Вокруг него в темноте стояли люди: верно, что то их очень занимало в нем. Ему рассказывали что то, расспрашивали о чем то, потом повели куда то, и он, наконец, очутился в углу балагана рядом с какими то людьми, переговаривавшимися с разных сторон, смеявшимися.
– И вот, братцы мои… тот самый принц, который (с особенным ударением на слове который)… – говорил чей то голос в противуположном углу балагана.
Молча и неподвижно сидя у стены на соломе, Пьер то открывал, то закрывал глаза. Но только что он закрывал глаза, он видел пред собой то же страшное, в особенности страшное своей простотой, лицо фабричного и еще более страшные своим беспокойством лица невольных убийц. И он опять открывал глаза и бессмысленно смотрел в темноте вокруг себя.
Рядом с ним сидел, согнувшись, какой то маленький человек, присутствие которого Пьер заметил сначала по крепкому запаху пота, который отделялся от него при всяком его движении. Человек этот что то делал в темноте с своими ногами, и, несмотря на то, что Пьер не видал его лица, он чувствовал, что человек этот беспрестанно взглядывал на него. Присмотревшись в темноте, Пьер понял, что человек этот разувался. И то, каким образом он это делал, заинтересовало Пьера.

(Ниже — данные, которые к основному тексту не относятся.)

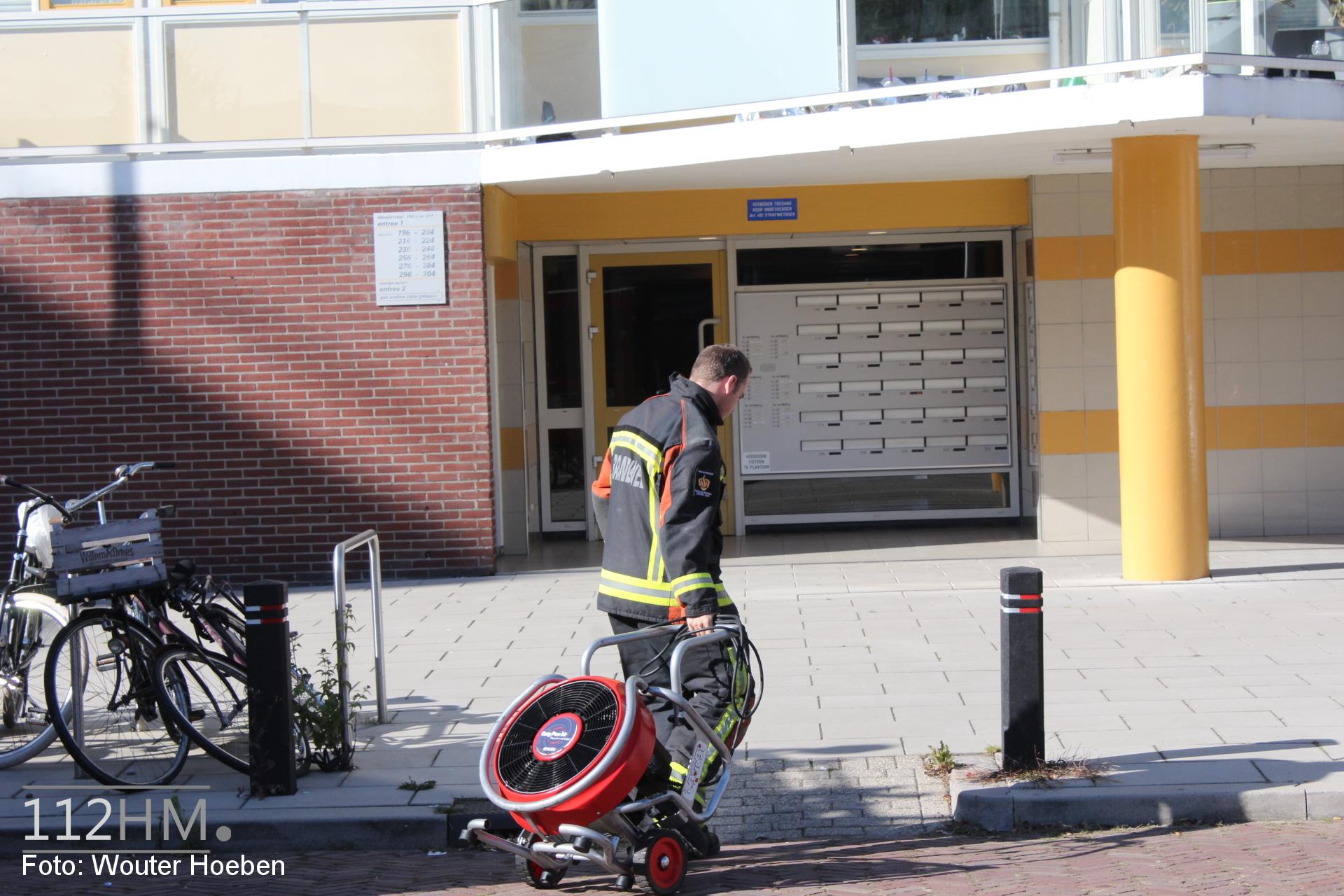 Ter plaatse roken meerdere bewoners van de flat een rare lucht waarop de brandweer werd gealarmeerd. De brandweer heeft diverse metingen verricht maar niks kunnen vinden waarna de bergingen werden geventileerd.
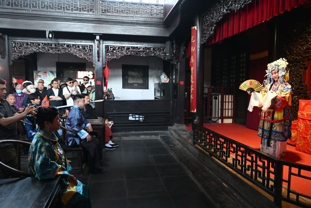 ↑5月2日,天津市西青区文旅局组织的“石府良缘”沉浸式民俗文化演出在杨柳青古镇石家大院景区上演。这是演出人员在进行京剧表演。新华社记者 李然 摄
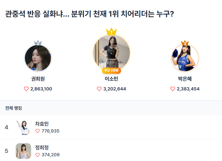 이소민의 인기는 지속된다, 스타트렌드 치어리더 부문 팬심 폭발

Размотав бечевки, которыми была завязана одна нога, он аккуратно свернул бечевки и тотчас принялся за другую ногу, взглядывая на Пьера. Пока одна рука вешала бечевку, другая уже принималась разматывать другую ногу. Таким образом аккуратно, круглыми, спорыми, без замедления следовавшими одно за другим движеньями, разувшись, человек развесил свою обувь на колышки, вбитые у него над головами, достал ножик, обрезал что то, сложил ножик, положил под изголовье и, получше усевшись, обнял свои поднятые колени обеими руками и прямо уставился на Пьера. Пьеру чувствовалось что то приятное, успокоительное и круглое в этих спорых движениях, в этом благоустроенном в углу его хозяйстве, в запахе даже этого человека, и он, не спуская глаз, смотрел на него.
– А много вы нужды увидали, барин? А? – сказал вдруг маленький человек. И такое выражение ласки и простоты было в певучем голосе человека, что Пьер хотел отвечать, но у него задрожала челюсть, и он почувствовал слезы. Маленький человек в ту же секунду, не давая Пьеру времени выказать свое смущение, заговорил тем же приятным голосом.
– Э, соколик, не тужи, – сказал он с той нежно певучей лаской, с которой говорят старые русские бабы. – Не тужи, дружок: час терпеть, а век жить! Вот так то, милый мой. А живем тут, слава богу, обиды нет. Тоже люди и худые и добрые есть, – сказал он и, еще говоря, гибким движением перегнулся на колени, встал и, прокашливаясь, пошел куда то.
– Ишь, шельма, пришла! – услыхал Пьер в конце балагана тот же ласковый голос. – Пришла шельма, помнит! Ну, ну, буде. – И солдат, отталкивая от себя собачонку, прыгавшую к нему, вернулся к своему месту и сел. В руках у него было что то завернуто в тряпке.